Stability was assessed through a series of four experiments that compared the concentrations of 8-isoprostane before and after the samples were exposed to conditions that a sample may encounter during routine analysis. Each experiment was conducted by measuring two pools (QC high and QC low) in triplicate. Freeze and thaw stability was tested by freezing (at −70 °C) and thawing (passively at room temperature) samples three times before analysis. The concentration of 8-isoprostane was measured before the initial freeze and after the final thaw; the calculated CVs of the QC low and QC high pools were 4.8 and 0.5%, respectively. Benchtop stability was tested by allowing the samples to sit at room temperature for 24 h before being processed. The resulting concentrations were compared to the initial measurements; the calculated CVs of the QC low and QC high pools were 3.9 and 0.1%, respectively. Processed sample stability was tested by allowing the samples to sit at room temperature for 24 h after being processed. The samples were analyzed on the second day and the measured concentrations were compared to the initial measurements; the calculated CVs of the QC low and QC high pools were 4.7 and 2.9%, respectively. The long-term stability was assessed by measuring the concentration of 8-isoprostane in samples after they were stored at −70 °C for >2 years and comparing the results to the initial concentrations of 8-isoprostane in samples from the same pool. The calculated CVs of the QC low and QC high pools were 6.9 and 0.8%, respectively.

Limit of Detection (LOD) and Lower Limit of Quantitation (LLOQ)

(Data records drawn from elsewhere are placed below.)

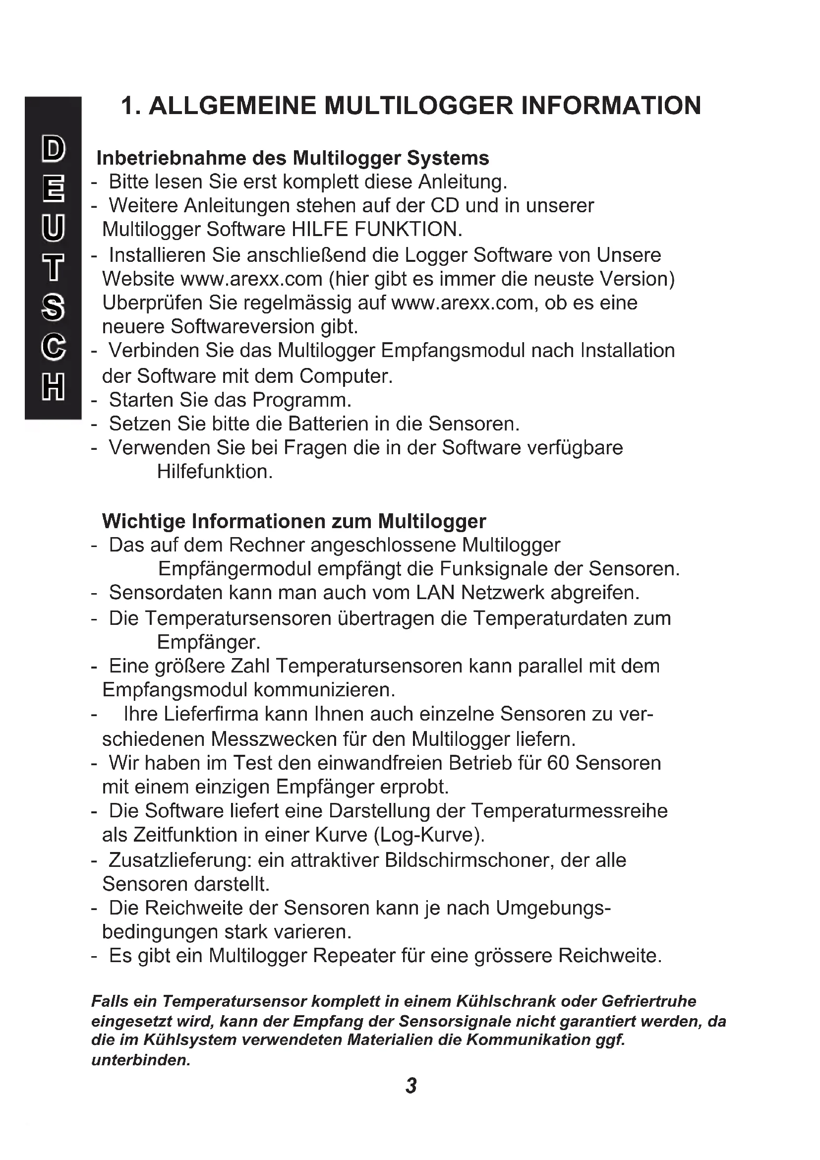 Inbetriebnahme des Multilogger Systems - Bitte lesen Sie erst komplett diese Anleitung. - Weitere Anleitungen stehen auf der CD und in unserer Multilogger Software HILFE FUNKTION. - Installieren Sie anschließend die Logger Software von Unsere Website www.arexx.com (hier gibt es immer die neuste Version) Uberprüfen Sie regelmässig auf www.arexx.com, ob es eine neuere Softwareversion gibt. - Verbinden Sie das Multilogger Empfangsmodul nach Installation der Software mit dem Computer. - Starten Sie das Programm. - Setzen Sie bitte die Batterien in die Sensoren. - Verwenden Sie bei Fragen die in der Software verfügbare Hilfefunktion. Wichtige Informationen zum Multilogger - Das auf dem Rechner angeschlossene Multilogger Empfängermodul empfängt die Funksignale der Sensoren. - Sensordaten kann man auch vom LAN Netzwerk abgreifen. - Die Temperatursensoren übertragen die Temperaturdaten zum Empfänger. - Eine größere Zahl Temperatursensoren kann parallel mit dem Empfangsmodul kommunizieren. - IhreLieferrmakannIhnenaucheinzelneSensorenzuver- schiedenen Messzwecken für den Multilogger liefern. - Wir haben im Test den einwandfreien Betrieb für 60 Sensoren mit einem einzigen Empfänger erprobt. - Die Software liefert eine Darstellung der Temperaturmessreihe als Zeitfunktion in einer Kurve (Log-Kurve). - Zusatzlieferung: ein attraktiver Bildschirmschoner, der alle Sensoren darstellt. - Die Reichweite der Sensoren kann je nach Umgebungs- bedingungen stark varieren. - Es gibt ein Multilogger Repeater für eine grössere Reichweite. Falls ein Temperatursensor komplett in einem Kühlschrank oder Gefriertruhe eingesetzt wird, kann der Empfang der Sensorsignale nicht garantiert werden, da die im Kühlsystem verwendeten Materialien die Kommunikation ggf. unterbinden.
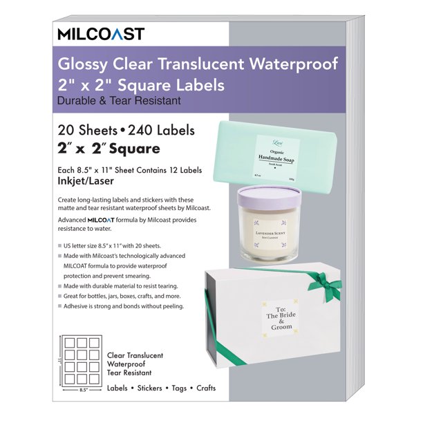 Milcoast Glossy Full Sheet 8.5" x 11" Clear Translucent Waterproof Adhesive Sticker Paper Labels - 25 Sheets
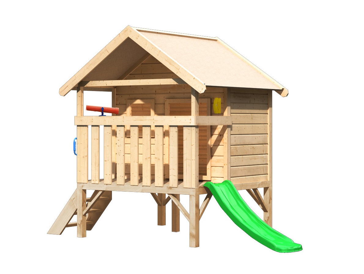 Náš najmenší a najobľúbenejší domček KARIBU MINI. Otecka poteší jednoduchou montážou a dieťa množstvom tvorivej slobody. Vďaka prefabrikovaným stenovým panelom zo smrekového dreva 14 mm a strechy z drevených dosiek so strešnou fóliou domček postavíte veľmi rýchlo. Štyri nohy 68 x 68 mm z prírodného smrekového dreva zaistí domčeku potrebnú stabilitu. Naše drevo pochádza zo vzdialeného severu Európy a je chemicky úplne neošetrené. V dôsledku toho je prosté všetkých známych problematických látok. Ihrisko je štandardne vybavené robustným dreveným rebríkom so 3 priečkami. Výška plošiny 60 cm je ideálna pre menšie deti. Otvory dverí a okien nie sú z bezpečnostných dôvodov uzavreté. Vďaka svojim rozmerom je domček KARIBU MINI vhodný predovšetkým pre menšie mestské záhrady.
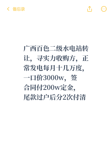 一站式水电站收购、托管、承包运营。要求:水电站年收入50万以上。有资源居间可谈。全国范围都可。
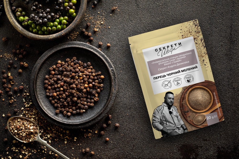 Мелений або горошком, чорний перчик використовується в національних кухнях усього світу. Його можна класти практично в будь-яку страву — з м'яса, риби або овочів. Досвідчені кулінари купують перець горошком, а за необхідності розмелюють його в спеціальному млинку. Річ у тім, що в зернятках ароматні олії зберігаються довше, надаючи стравам більш насиченого смаку. Однак, якщо в тебе немає млинка або часу на помел, просто купи мелений перчик "Секрети Шефа".
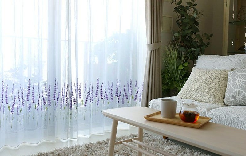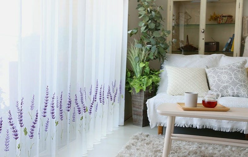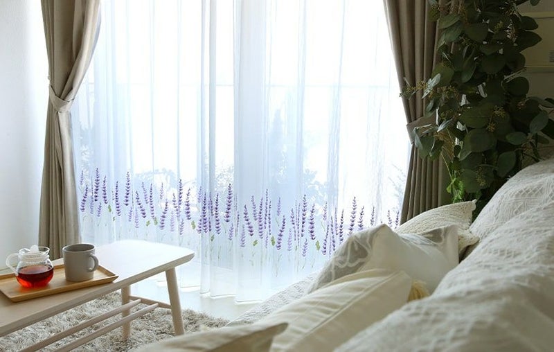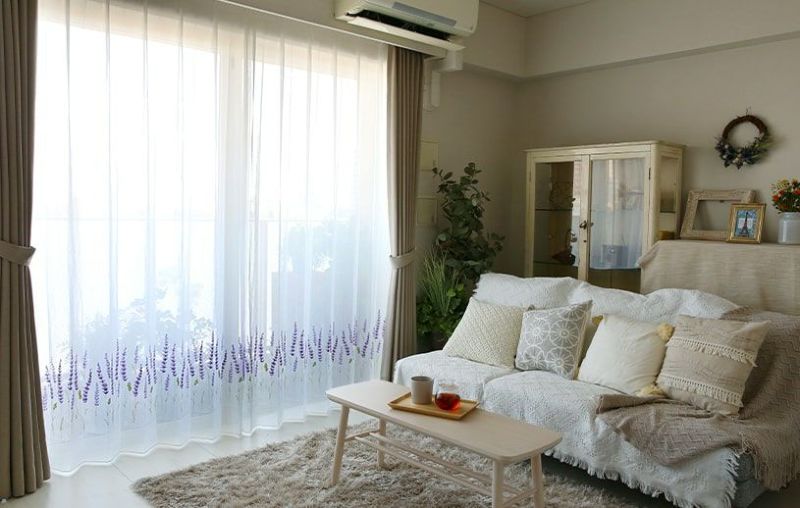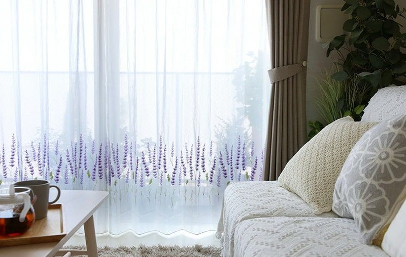 ラベンダーレースカーテンでつくる、色合い優しいインテリア
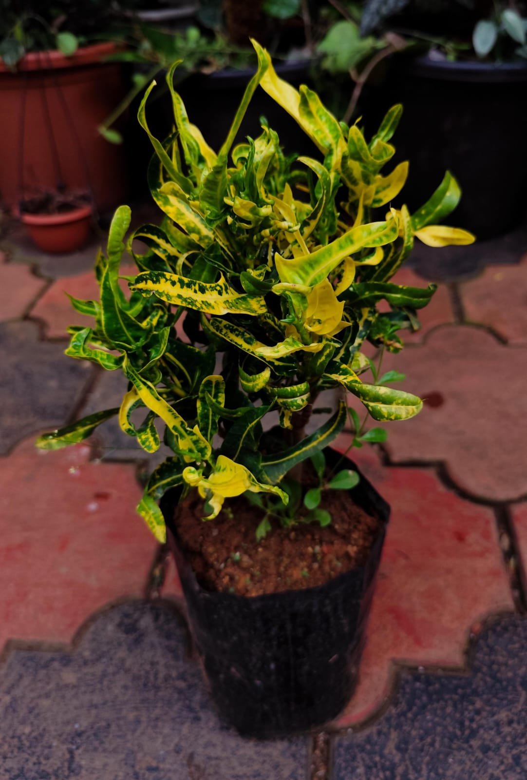 • Vibrant Foliage: Crotons are known for their stunning, colorful leaves, featuring shades of green, yellow, orange, red, and even purple, often with striking veins or spots, making them a favorite for decorative purposes.

The limit of detection (LOD) was determined by preparing and analyzing four low-concentration urine pools over a 3 month period. The standard deviation (SD) of each pool’s concentration was determined, and then the SD of each pool was plotted against the concentration to obtain the S₀, given as the Y-intercept.²³ The LOD was defined as the highest of three times S₀, where S₀ was the standard deviation at zero analyte concentration or the concentration of the lowest standard. For this assay, three times S₀ was calculated to be 4.77 pg/mL, and the lowest external standard concentration was 8.8 pg/mL, therefore, 8.8 pg/mL was determined to be the LOD. The lower limit of quantitation was defined as three times LOD. For this assay, the LLOQ was calculated to be 26.4 pg/mL.

Selectivity

The analytical selectivity of this method was assessed by the following measures: (1) The monitoring of ion transitions selective to the analyte through the use of MS/MS; (2) Ensuring the target native analyte co-elutes with the corresponding isotopically labeled internal standard analog; (3) Checking that both native analyte and ISTD elute at a specific retention time that is consistent throughout the run; (4) The native analytes have specific ratios of the quantitation transition’s response to the confirmation transition’s response, which was used to confirm the analyte determined in unknown samples. Potential interferences with 8-isoprostane were investigated in over 50 human samples and none was observed. Representative chromatograms of real urine samples and calibration standards in 50% methanol and water are shown in Supporting Information, Figures S1 and S2.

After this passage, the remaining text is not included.